*Task item*: From the listing below, retype exactly the line holding "1839年孟加拉語新約全書 約翰福音 21 章 21 節到 21 章 25 節", the line holding "Island seating, gas", and the lines between them; skip everything else.

*Supplied records*:
◇ ◇ ◇ ◇ ◇

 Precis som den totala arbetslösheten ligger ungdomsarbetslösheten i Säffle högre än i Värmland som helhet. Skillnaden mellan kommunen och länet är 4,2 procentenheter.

◇ ◇ ◇ ◇ ◇

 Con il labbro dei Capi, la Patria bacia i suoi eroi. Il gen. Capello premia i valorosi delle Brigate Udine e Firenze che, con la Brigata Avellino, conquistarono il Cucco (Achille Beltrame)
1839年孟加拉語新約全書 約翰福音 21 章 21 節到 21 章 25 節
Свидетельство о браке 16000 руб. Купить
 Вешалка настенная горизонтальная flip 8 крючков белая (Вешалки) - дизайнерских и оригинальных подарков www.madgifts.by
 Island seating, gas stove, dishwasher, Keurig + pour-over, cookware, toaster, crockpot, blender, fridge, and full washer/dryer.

◇ ◇ ◇ ◇ ◇

*Task response*:
1839年孟加拉語新約全書 約翰福音 21 章 21 節到 21 章 25 節
Свидетельство о браке 16000 руб. Купить
 Вешалка настенная горизонтальная flip 8 крючков белая (Вешалки) - дизайнерских и оригинальных подарков www.madgifts.by
 Island seating, gas stove, dishwasher, Keurig + pour-over, cookware, toaster, crockpot, blender, fridge, and full washer/dryer.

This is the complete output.